Nous pouvons remarquer que certaines maladies sont considérées comme nobles et d'autres pas, voire même honteuses. Les construits sociaux forment une échelle de valeurs des différentes maladies.

Un des intervenants déclare :

"Personnellement, cela ne me dérange pas que certains professionnels de santé aient accès à mon DMP parce que je ne suis pas atteint d'une maladie honteuse ou… "

6.2.4.5 Utilisation des données

Une personne interrogée remarque qu'il n'est pas nécessaire de masquer une donnée si elle n'est pas utilisée.

6.2.4.6 Pérennité des données

Un médecin s'interroge lors d'un entretien sur l'intérêt de maintenir des données médicales anciennes qui ne servent plus à la coordination des soins et qui risquent de nuire au patient.

6.2.4.7 Mise en jeu de l'intime

Une personne interrogée se demande :

"Qu'est-ce qui est du domaine de l'intimité ? Masquer quoi ? Est-ce que le patient est conscient de son intimité ?"

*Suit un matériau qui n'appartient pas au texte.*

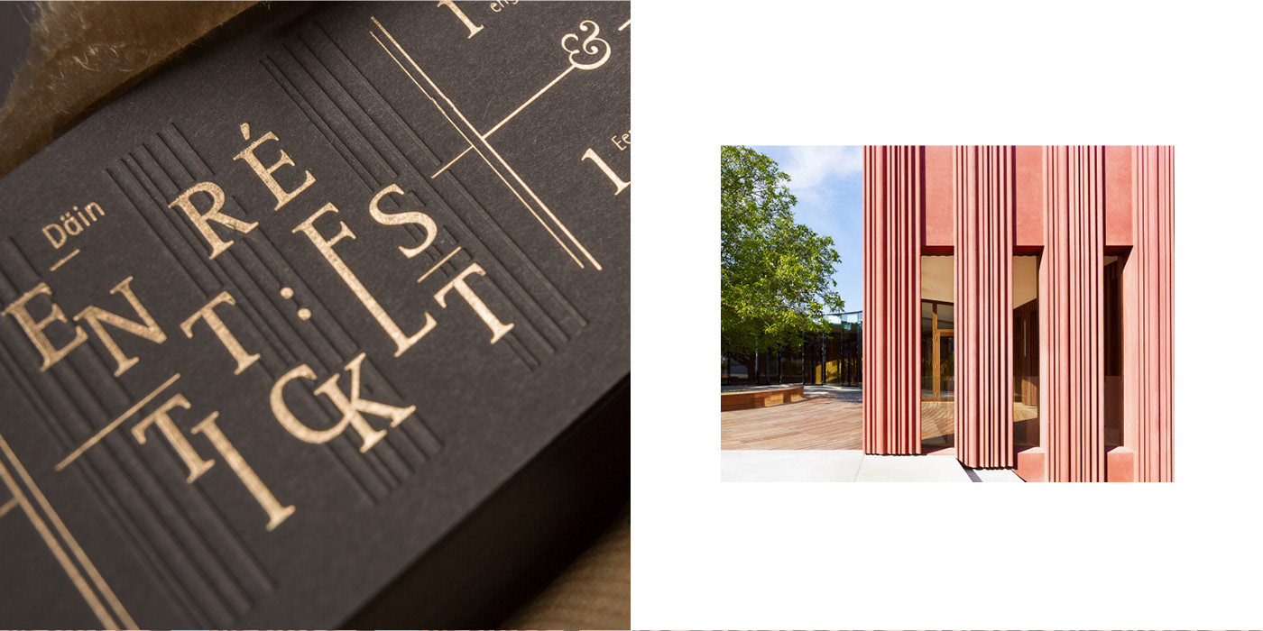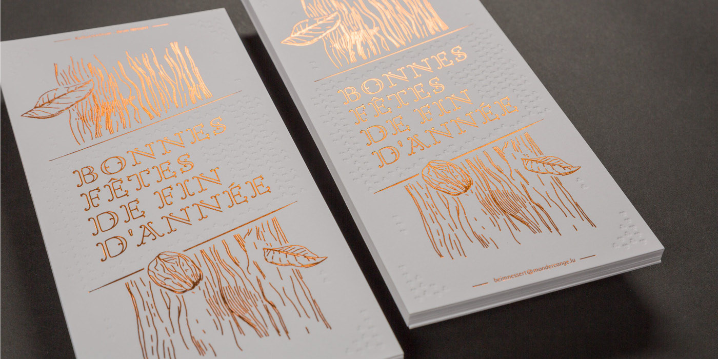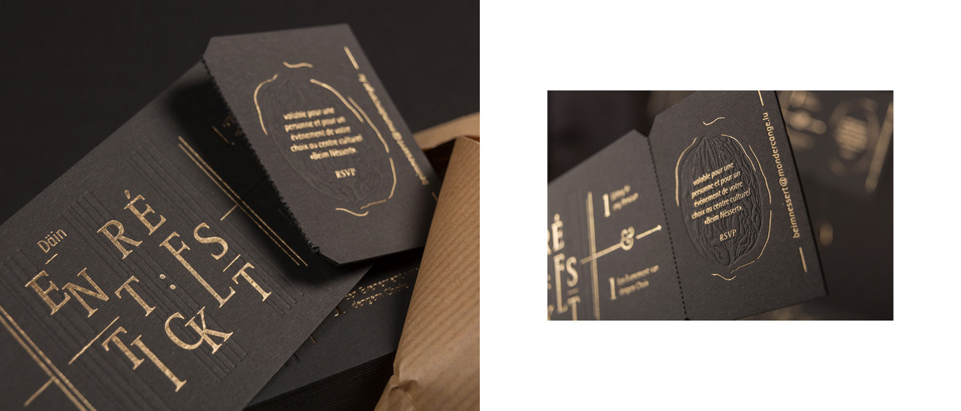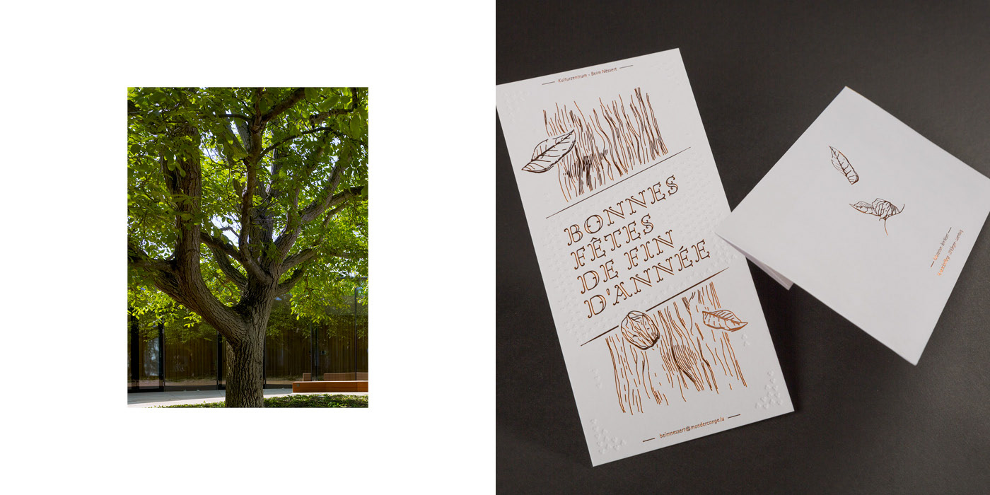 Letterpress prints for the cultural center «Beim Nëssert». Inspired by the architectural features of the building itself, we designed these festive and luxury letterpress cards.

Ainsi, le masquage dépendra de ce que chaque individu considère comme appartenant à son domaine privé. Cette limite est strictement personnelle. Une même information ne porte pas préjudice avec la même intensité à tout patient.

Cette notion d'intimité varie selon la sévérité de l'épisode vécu. Un patient interrogé déclare ne pas révéler sa maladie VIH lorsqu'il consulte pour des signes cliniques bénins. Lors d'un problème aigu grave, dans l'urgence, un intervenant considère que le patient est plus soumis aux professionnels de santé et donc révèle plus facilement ses antécédents habituellement masqués.

Ainsi un patient pourra sentir la nécessité de masquer une donnée qui semblerait sans importance ou sans incidence pour un autre patient.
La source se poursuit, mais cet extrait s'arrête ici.